Python finding n consecutive numbers in a list

Question

I want to know how to find if there is a certain amount of consecutive numbers in a row in my list eg

For example if I am looking for two 1's then:

list = [1, 1, 1, 4, 6] #original list
list = ["true", "true", 1, 4, 6] #after my function has been through the list.

If I am looking for three 1's then:

list = [1, 1, 1, 4, 6] #original list
list = ["true", "true", "true", 4, 6] #after my function has been through the list.

I have tried:

list = [1, 1, 2, 1]

1,1,1 in list #typed into shell, returns "(1, 1, True)"
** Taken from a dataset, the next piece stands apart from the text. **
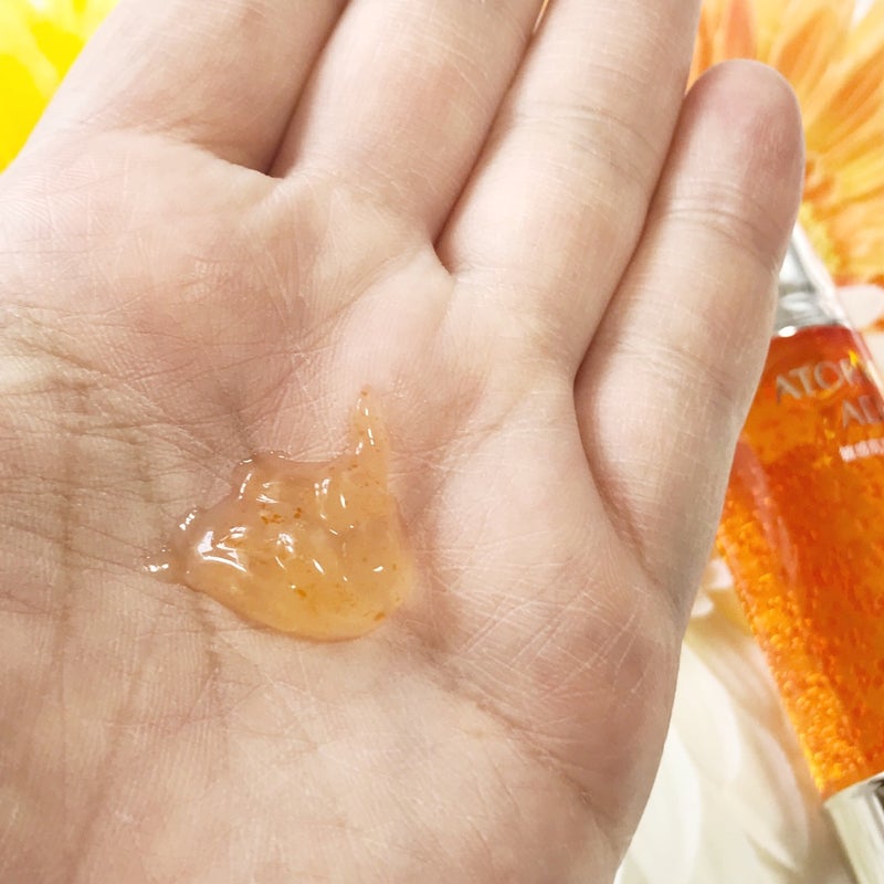オレンジ色の粒々、V3カプセル ※(うるおい成分)配合 エアレス容器採用で、たっぷりの「V3カプセル」をフレッシュな状態で角層まで届ける 香りはなく、弾力のあるジェル状ですが、伸びもなじみも良く、程よくしっとりした使い心地です。

Any help would be greatly appreciated, I mainly would like to understand whats going on, and how to check if the next element in the list is the same as the first x amount.

Answer 1

It is a bad idea to assign to list . Use a different name.

To find the largest number of consecutive equal values you can use itertools.groupby

>>> import itertools
>>> l = [1, 1, 1, 4, 6]
>>> max(len(list(v)) for g,v in itertools.groupby(l)) 
3

To search only for consecutive 1s:

>>> max(len(list(v)) for g,v in itertools.groupby(l, lambda x: x == 1) if g) 
3

Answer 2

>>> def find_repeats(L, num_repeats):
...     idx = 0
...     while idx < len(L):
...         if [L[idx]]*num_repeats == L[idx:idx+num_repeats]:
...             L[idx:idx+num_repeats] = [True]*num_repeats
...             idx += num_repeats
...         else:
...             idx += 1
...     return L
... 
>>> L=[1,1,1,4,6]
>>> print find_repeats(L, 2)
[True, True, 1, 4, 6]
>>> L=[1,1,1,4,6]
>>> print find_repeats(L, 3)
[True, True, True, 4, 6]
>>> 

Here is a version that lets you also specify which number should be matched and stops after the first replacement

>>> def find_repeats(L, required_number, num_repeats, stop_after_match=False):
...     idx = 0
...     while idx < len(L):
...         if [required_number]*num_repeats == L[idx:idx+num_repeats]:
...             L[idx:idx+num_repeats] = [True]*num_repeats
...             idx += num_repeats
...             if stop_after_match:
...                 break
...         else:
...             idx += 1
...     return L
... 
>>> L=[1,1,1,4,6]
>>> print find_repeats(L, 1, 2)
[True, True, 1, 4, 6]
>>> L=[1,1,1,4,6]
>>> print find_repeats(L, 1, 3)
[True, True, True, 4, 6]
>>> L=[1,1,1,4,4,4,6]
>>> print find_repeats(L, 1, 3)
[True, True, True, 4, 4, 4, 6]
>>> L=[1,1,1,4,4,4,6]
>>> print find_repeats(L, 4, 3)
[1, 1, 1, True, True, True, 6]

Answer 3

I cannot understand what are you trying to do, but I prepared a quick, and not very good script, but it does what you need.

def repeated(num, lyst):
 # the 'out' list will contain the array you are looking for
 out = []
 # go through the list (notice that you go until "one before
 # the end" because you peek one forward)
 for k in range(len(lyst)-1):
  if lyst[k] == lyst[k+1] == num:
    # if the numbers are equal, add True (as a bool, but you could
    # also pass the actual string "True", as you have it in your question)
    out.append(True)
  else:
   # if they are not the same, add the number itself
    out.append(lyst[k])
 # check the last element: if it is true, we are done (because it was the same as the
 # last one), if not, then we add the last number to the list (because it was not the
 # same)
 if out[-1] != True:
  out.append(lyst[-1])
 # return the list  
 return out

Use it like:

print repeated(1, [1, 1, 1, 4, 6])